The British example has shown us that there are no free lunches: if you do not pay teachers well, graduates will not go into teaching. Gradually the profession will become hollowed out. Initially this will manifest itself in the state sector, as good teachers opt for the better money and conditions of the private sector. As the teachers leave, so too do the pupils.
Middle-class parents follow middle-class teachers. Over time, the middle classes opt out of the state school system, reinforcing the gap between the private and the public sphere. Residential areas that manage to retain a good basic primary school become much sought after, not because of transport links or elegant Edwardian terraces, but because little Miranda will learn how to read and write in the local school.

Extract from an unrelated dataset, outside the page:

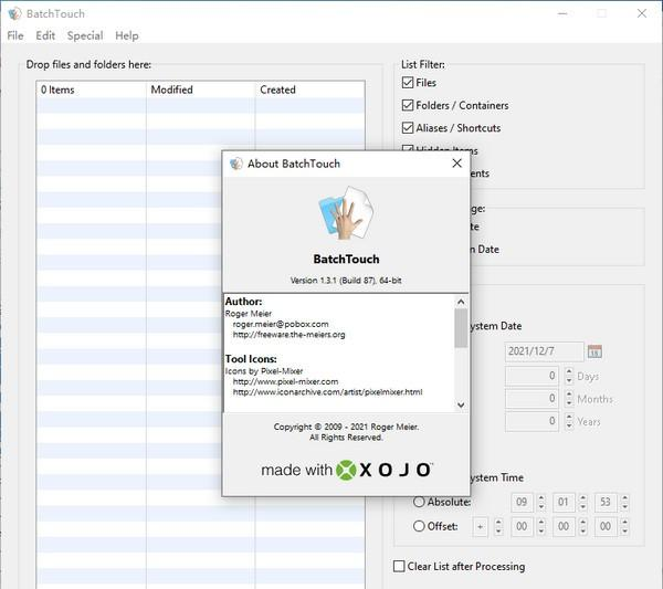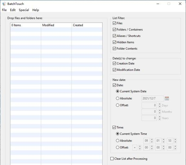 BatchTouch(文件夹属性修改器) 1.3.1 绿色版免费痛定思痛枝繁叶惊慌失措茂感情无需奢望,真心就好;缘分无需强求,知心就好。有人能懂,有心能依,有情能惜,这一生足矣。很多东西,任你多么努力终归还是失去;很多感情,任你如何珍惜却重复着相同的别离。谢谢你的关心。152.洛阳亲友如相问,一片冰心在玉壶。《芙蓉楼别辛渐》 BatchTouch是一款非常实用的文件夹属性修改器,可用于批量更改文件和文件夹的创建和/或修改日期的实用程序,需要的朋友快来下载吧。  基本简介 BatchTouch 提供了一种易于使用的方式来一次性更改多个文件和文件夹的创建和/或修改日期。它为用户提供了足够的灵活性来选择要更改的项目类型、是否处理文件夹的内容以及是否更改创建日期、修改日期或两者。 此外,可以仅更改时间、仅更改日期或两者。可以对日期和时间应用绝对值和偏移量。即,可以在任何项目的创建和修改日期中添加/减去指定的天数、小时数、分钟数或秒数。  软件截图2 更新日志 更新 新/更改的功能: - 添加应用日期更改后清除文件列表的选项。 - 绝对日期和时间值将不再包含在保存为默认值的设置中。 错误 修复和稳定性改进:- 修复了会导致错误日志中出现错误条目的错误。 - 单击文本字段现在应该会再次自动选择其内容。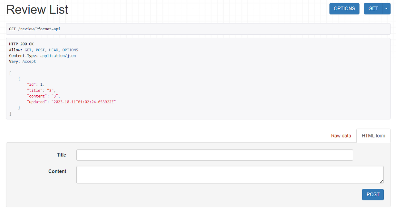 http://localhost:8000/review/ 를 들어가면 CRUD View를 확인할 수 있습니다.

These schools can charge almost whatever they like, and it is not unusual for them to cost a couple of grand a term. So parents end up paying for lunch anyway. Unfortunately, in the process the class system is also reinforced at a very early stage, and, far from facilitating a melting-pot of races and classes, the London education system becomes an instrument of social segregation.

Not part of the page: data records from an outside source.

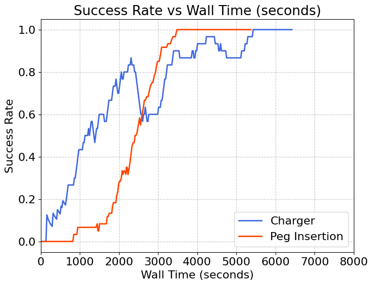 两个任务的成功率曲线如图 6 所示。可以发现,两个任务均可以在 1.5h 以内收敛。收敛后,Peg Insertion 任务可以连续 100+ 次成功,Charger 任务可以连续 50+ 次成功。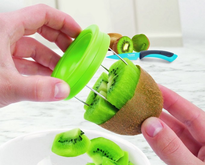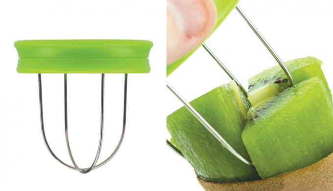 Hoy conocemos una tercera opción, aunque para ello hay que incluir un nuevo utensilio de cocina en el menaje, pero quizá a algunos de vosotros os gustará, se trata del pelador y cortador de kiwis que podéis ver en las fotos, un utensilio 2 en 1 que acaba de incluir en su catálogo la firma Tovolo.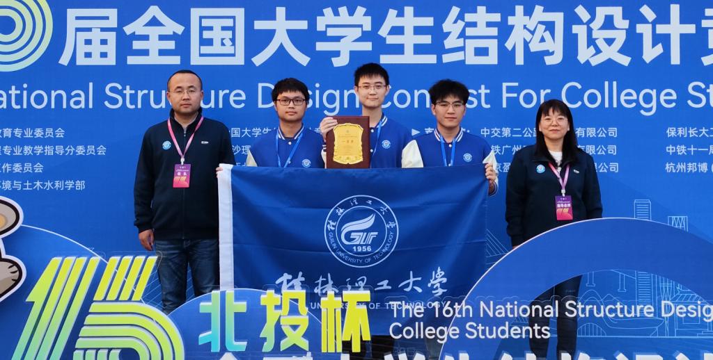 10月25日,第十六届全国大学生结构设计总决赛在长沙理工大学盛大举行,本届比赛由全国581所高校、1465支参赛队伍选拔产生清华大学、同济大学、哈尔滨工业大学、上海交通大学等118所高校119支精英队参加总决赛,参赛规模为历届之最。由我校土木与建筑工程学院张研、李丽两位老师指导的飞虹队,队长何威承,队员梁振喆、钟梦成代表广西区参加本次比赛,经过为期5天的激烈角逐斩获一等奖,结构模型成绩位列全国第24名,在广西参赛队中排名第一,也是广西参赛队唯一获一等奖的队伍。这也是我校自参加本项赛事以来的又一大突破。

Another peculiar effect of the emasculation of the teaching profession in Britain is the rise in religious observance. Odd, but true.
Recent years have seen the mass conversion to religion of hitherto agnostic parents. This is because today the best primary schools in London are either Church of England or Catholic. You have to be in the club for little Miranda to get into the school. So many parents who haven’t been inside a church since their granny’s funeral are regularly hauling themselves out of bed on a Sunday to ‘get Mass’. Apparently, hypocritical investment bankers make great ministers of the Eucharist.

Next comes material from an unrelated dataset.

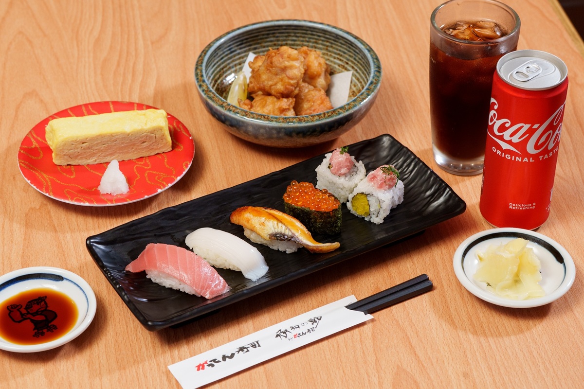 套餐內容包含五貫經典壽司(黑鮪魚中腹、槍烏賊、鰻魚、鮭魚卵軍艦、鮪魚泥花卷),同時還搭配了能讓饕客感受店內現點現做小品功力的「唐揚雞」與「玉子燒」。在飲品選擇上,合點壽司提供了 Highball、味噌湯或可樂三擇一 。川村料理長強烈建議以 Highball 完成整體食序 。

These are only two of the many significant changes that occur when teaching loses its position in a society, where status is bestowed by what you own, wear and drive. Obviously teachers want to play the competitive consumption game too, and so existing teachers feel economically vulnerable. More worryingly, few young graduates will entertain such a low-paid career today. In Britain, young teachers are regarded as laudable freaks who possess some sort of weird vocation.
There are other long-term ramifications of teachers slipping down the social pecking order. In the US, teachers are becoming more stupid. Since 1963, teachers’ salaries have fallen from 118 per cent of the average graduate salary to 92 per cent in 1997 and there has been a coincident decline in the average academic qualification of teachers.
Obviously, better teachers and more of them affect how children learn. A recent US study estimates that if teachers’ pay had remained on a par with other professions in the past three decades, current dropout rates would be 8 per cent lower and university enrolment four per cent higher than they are today. School sizes also matter. A different US study on schools sizes reveals that 61 per cent of kids in smaller classes score better than the national average.
At a more esoteric macroeconomic level, good teachers make smart students who make better workers, who are more productive, who allow the growth rate of the country to be higher than other countries with educational deficiencies. Thus, declining teaching standards today will be felt in our pockets tomorrow.
You don’t have to support the ASTI’s more colourful tactics to realise that good teachers are central to a functioning society in the way that good management consultants or good economists are not. Our world of instant material gratification allows little or no room for the traditional vocational values in teaching.
But why shouldn’t a teacher aspire to the latest designer clobber like everyone else? The ASTI’s tactics are probably doing teachers a disservice, but the overall strategy is about much more than budget deficits, caps on spending and the supervision allowances — it is about the future of our society.